Your assignment
Restate word for word the lines from the one bearing "Wie sind die" through the end of the entries below, and leave every picture out.

Dataset
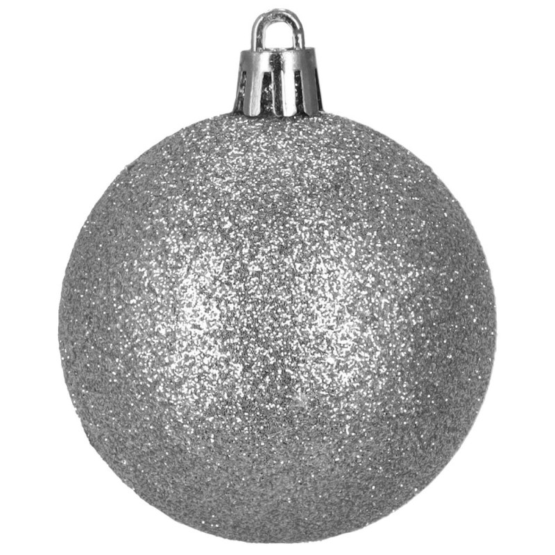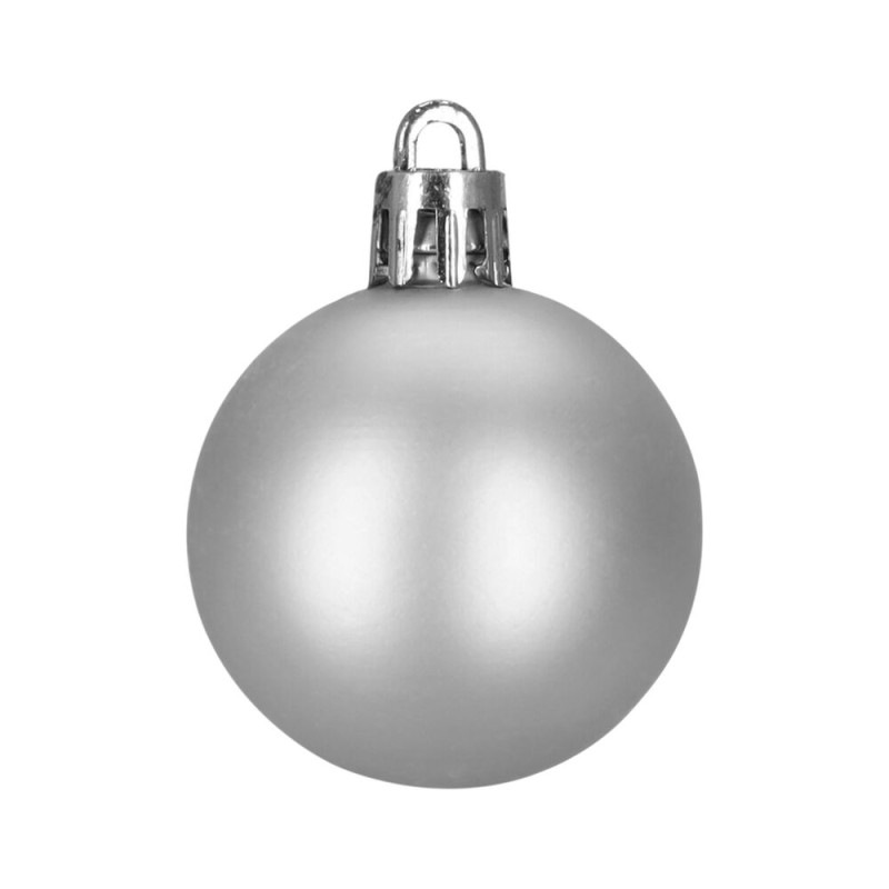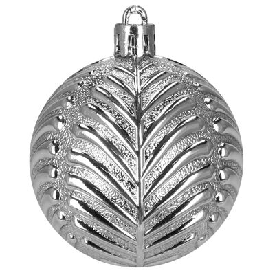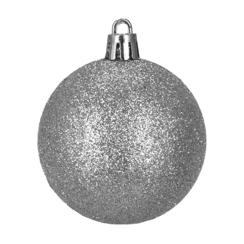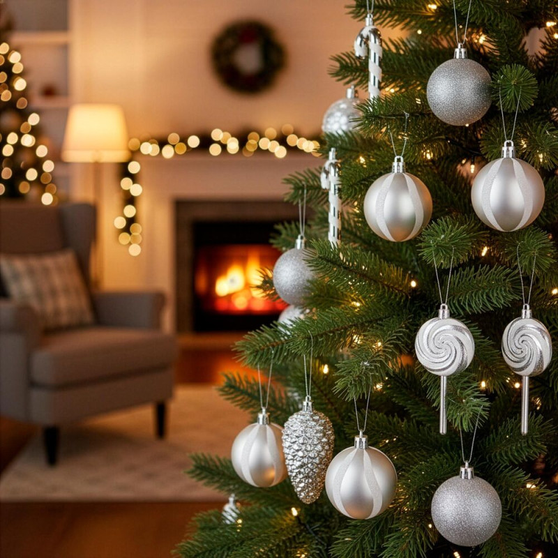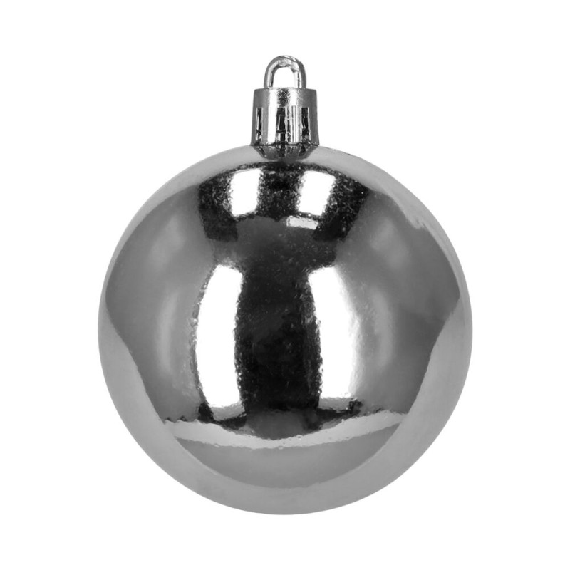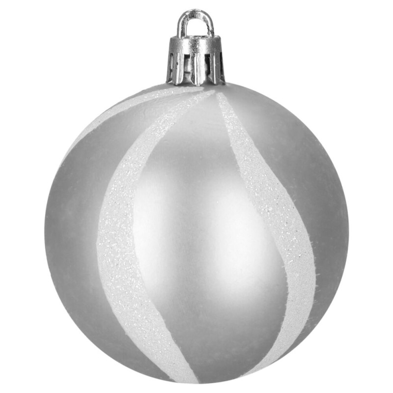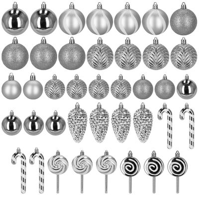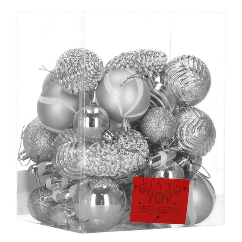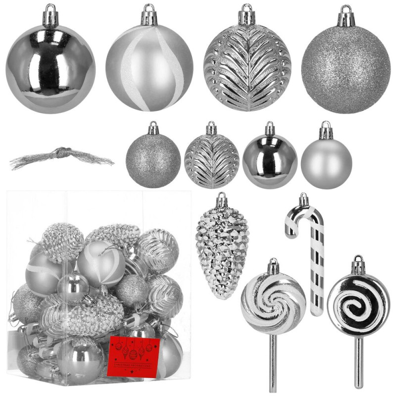 Sada stříbrných vánočních ozdob v různých tvarech a provedeních dodá výzdobě moderní, elegantní a zimní vzhled. Obsahuje lehké, nerozbitné plastové koule, šišky i ozdoby ve tvaru lízátek a cukrátek, vše s poutky pro snadné zavěšení. Vhodné na stromeček i jako dekorace do interiéru či exteriéru. Průměry koulí: 4 cm, 5 cm a 6 cm.
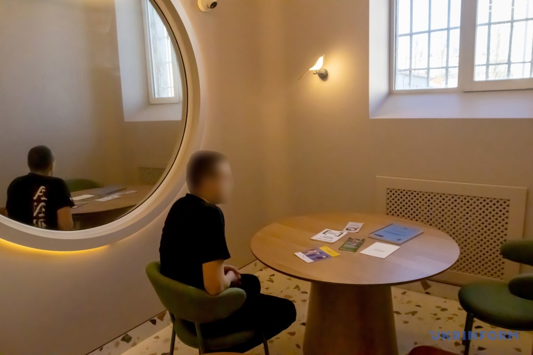 Нарешті з камери приводять нашого майбутнього співрозмовника. Хлопець одягнений по-домашньому, у темні, спортивного крою, речі. У м’який стілець сідає спиною до відеокамери нашого оператора – так було домовлено заздалегідь.
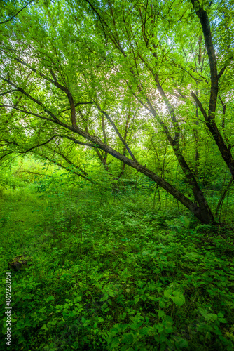 Naklejka premium Green forest at summer evening time. Trees in woods. Mystery trees . Fallen trees . Green leafs . Grass in summer
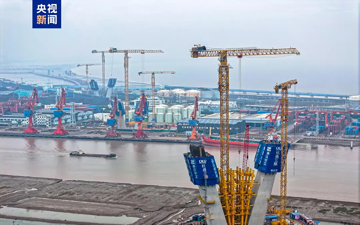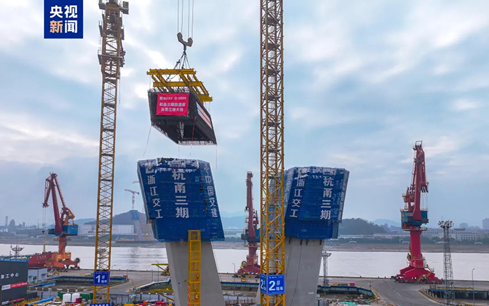 近日,在甬江特大桥施工现场,安博首页_安博anbo(中国)超大塔XGT3000-120S挥舞铁臂,67吨的钢筋部品被稳稳吊起,精准安装,安博首页_安博anbo(中国)助力这一世界级跨江大桥建设提速加码。
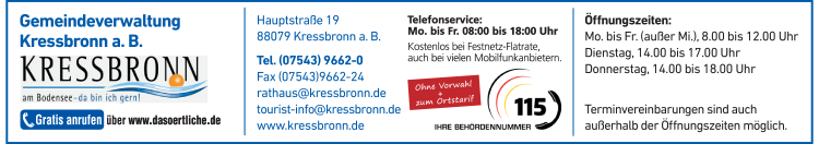 Wie sind die Öffnungszeiten von Gemeindeverwaltung Kressbronn?
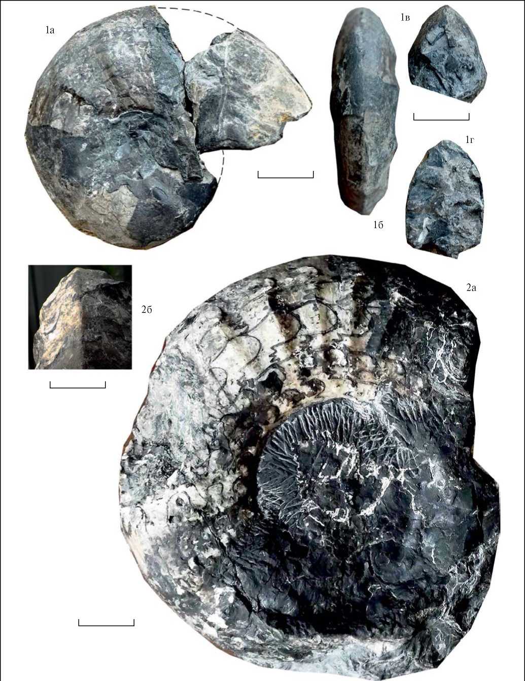 Фиг. 1, 2. Churkites subungunensis sp. nov.: 1 – голотип ДВГИ, № 110/853: 1a – сбоку, 1б – с вентральной стороны, 1в – поперечное сечение оборота при Д = 96 мм, 1г – поперечное сечение оборота при Д = 116 мм; 2 – экз. ДВГИ, № 111/853: 2a – сбоку, 2б – участок вентральной стороны при Д = 160 мм; Южное Приморье, Западный СМИД; нижний триас, оленекский ярус, смитский подъярус (верхнесмитская зона Anasibirites nevolini). Длина масштабной линейки 20 мм.

Exercise response
 Wie sind die Öffnungszeiten von Gemeindeverwaltung Kressbronn?
 Фиг. 1, 2. Churkites subungunensis sp. nov.: 1 – голотип ДВГИ, № 110/853: 1a – сбоку, 1б – с вентральной стороны, 1в – поперечное сечение оборота при Д = 96 мм, 1г – поперечное сечение оборота при Д = 116 мм; 2 – экз. ДВГИ, № 111/853: 2a – сбоку, 2б – участок вентральной стороны при Д = 160 мм; Южное Приморье, Западный СМИД; нижний триас, оленекский ярус, смитский подъярус (верхнесмитская зона Anasibirites nevolini). Длина масштабной линейки 20 мм.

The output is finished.